▶ WHAT YOU WILL DO: Below are entries; output exactly the lines from the one with "Gorgeous Navy Sleeveless" to the one with "Oxygen cylinders being", both included, and nothing else.

▶ DATASET RECORDS:
╭──
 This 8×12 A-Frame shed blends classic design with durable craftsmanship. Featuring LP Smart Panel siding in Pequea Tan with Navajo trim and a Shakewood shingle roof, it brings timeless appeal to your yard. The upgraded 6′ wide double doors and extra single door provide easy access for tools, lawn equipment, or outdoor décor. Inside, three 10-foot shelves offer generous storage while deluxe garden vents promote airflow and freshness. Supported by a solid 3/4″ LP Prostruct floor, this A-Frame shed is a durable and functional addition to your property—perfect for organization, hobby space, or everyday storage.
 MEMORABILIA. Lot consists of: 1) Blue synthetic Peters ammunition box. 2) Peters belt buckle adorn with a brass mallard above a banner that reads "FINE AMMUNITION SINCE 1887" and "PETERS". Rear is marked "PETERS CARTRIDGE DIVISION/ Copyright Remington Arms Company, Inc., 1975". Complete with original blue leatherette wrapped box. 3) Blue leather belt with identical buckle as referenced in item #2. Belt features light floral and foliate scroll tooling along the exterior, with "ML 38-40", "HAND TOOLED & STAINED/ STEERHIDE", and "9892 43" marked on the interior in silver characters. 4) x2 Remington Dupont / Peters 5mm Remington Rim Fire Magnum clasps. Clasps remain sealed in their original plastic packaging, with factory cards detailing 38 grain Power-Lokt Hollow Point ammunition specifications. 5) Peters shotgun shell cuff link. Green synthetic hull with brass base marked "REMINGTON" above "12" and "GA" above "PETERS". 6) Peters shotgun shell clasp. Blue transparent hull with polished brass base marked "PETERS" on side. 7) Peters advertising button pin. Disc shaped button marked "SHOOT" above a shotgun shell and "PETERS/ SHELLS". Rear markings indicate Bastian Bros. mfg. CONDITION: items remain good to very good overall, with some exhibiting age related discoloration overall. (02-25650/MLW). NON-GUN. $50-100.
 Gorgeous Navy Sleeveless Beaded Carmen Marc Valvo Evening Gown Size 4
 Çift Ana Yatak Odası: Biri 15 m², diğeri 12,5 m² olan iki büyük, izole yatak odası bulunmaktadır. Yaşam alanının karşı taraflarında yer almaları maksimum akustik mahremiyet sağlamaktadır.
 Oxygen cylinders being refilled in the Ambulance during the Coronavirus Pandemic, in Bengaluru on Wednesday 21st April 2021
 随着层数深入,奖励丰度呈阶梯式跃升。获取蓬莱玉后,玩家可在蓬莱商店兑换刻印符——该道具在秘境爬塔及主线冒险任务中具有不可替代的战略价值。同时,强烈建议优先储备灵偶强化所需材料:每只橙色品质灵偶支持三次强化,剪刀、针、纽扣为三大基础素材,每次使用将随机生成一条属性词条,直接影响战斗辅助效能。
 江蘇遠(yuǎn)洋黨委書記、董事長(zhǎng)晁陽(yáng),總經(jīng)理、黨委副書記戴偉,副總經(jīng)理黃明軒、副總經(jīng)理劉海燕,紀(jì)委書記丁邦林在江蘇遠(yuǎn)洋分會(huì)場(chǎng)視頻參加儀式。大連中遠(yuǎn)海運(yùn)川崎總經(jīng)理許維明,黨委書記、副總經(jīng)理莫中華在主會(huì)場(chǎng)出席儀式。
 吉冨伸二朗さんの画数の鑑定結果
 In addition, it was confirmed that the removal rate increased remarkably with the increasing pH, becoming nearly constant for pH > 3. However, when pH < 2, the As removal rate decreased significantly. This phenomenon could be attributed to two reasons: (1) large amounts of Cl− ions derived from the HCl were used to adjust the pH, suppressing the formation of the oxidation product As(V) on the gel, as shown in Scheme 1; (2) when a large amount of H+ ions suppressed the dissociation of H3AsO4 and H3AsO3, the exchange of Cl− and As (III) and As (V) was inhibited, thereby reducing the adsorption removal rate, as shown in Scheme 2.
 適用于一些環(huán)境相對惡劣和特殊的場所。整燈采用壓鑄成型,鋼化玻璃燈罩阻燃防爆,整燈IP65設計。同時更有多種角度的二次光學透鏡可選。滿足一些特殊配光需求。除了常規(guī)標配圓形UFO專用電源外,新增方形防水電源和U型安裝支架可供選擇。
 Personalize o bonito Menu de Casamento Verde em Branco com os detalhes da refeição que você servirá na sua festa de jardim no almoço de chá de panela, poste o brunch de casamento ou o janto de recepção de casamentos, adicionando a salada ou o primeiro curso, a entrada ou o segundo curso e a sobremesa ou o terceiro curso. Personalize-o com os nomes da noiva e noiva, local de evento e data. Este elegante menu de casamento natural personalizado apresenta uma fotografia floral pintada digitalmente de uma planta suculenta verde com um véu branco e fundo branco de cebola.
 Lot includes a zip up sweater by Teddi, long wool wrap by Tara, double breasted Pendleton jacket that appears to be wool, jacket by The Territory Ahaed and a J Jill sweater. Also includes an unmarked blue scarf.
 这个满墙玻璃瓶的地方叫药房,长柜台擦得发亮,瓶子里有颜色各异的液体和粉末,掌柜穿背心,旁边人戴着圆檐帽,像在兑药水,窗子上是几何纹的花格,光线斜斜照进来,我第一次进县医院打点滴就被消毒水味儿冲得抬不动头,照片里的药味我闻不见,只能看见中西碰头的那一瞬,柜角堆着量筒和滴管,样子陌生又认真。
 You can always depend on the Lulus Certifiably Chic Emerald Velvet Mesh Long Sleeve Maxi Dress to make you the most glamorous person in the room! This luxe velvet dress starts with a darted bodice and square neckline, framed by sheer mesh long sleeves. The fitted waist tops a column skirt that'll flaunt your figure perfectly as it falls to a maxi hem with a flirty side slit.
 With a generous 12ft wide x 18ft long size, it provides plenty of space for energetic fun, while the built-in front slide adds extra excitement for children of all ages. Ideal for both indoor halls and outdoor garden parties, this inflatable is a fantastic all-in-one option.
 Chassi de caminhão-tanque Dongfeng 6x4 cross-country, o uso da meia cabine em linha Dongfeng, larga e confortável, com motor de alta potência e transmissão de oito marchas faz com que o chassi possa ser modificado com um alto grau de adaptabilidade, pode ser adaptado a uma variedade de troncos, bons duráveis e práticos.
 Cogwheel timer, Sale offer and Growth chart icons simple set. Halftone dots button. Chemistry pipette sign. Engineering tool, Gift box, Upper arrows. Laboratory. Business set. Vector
╰──
▶ OUTPUT BELOW:
 Gorgeous Navy Sleeveless Beaded Carmen Marc Valvo Evening Gown Size 4
 Çift Ana Yatak Odası: Biri 15 m², diğeri 12,5 m² olan iki büyük, izole yatak odası bulunmaktadır. Yaşam alanının karşı taraflarında yer almaları maksimum akustik mahremiyet sağlamaktadır.
 Oxygen cylinders being refilled in the Ambulance during the Coronavirus Pandemic, in Bengaluru on Wednesday 21st April 2021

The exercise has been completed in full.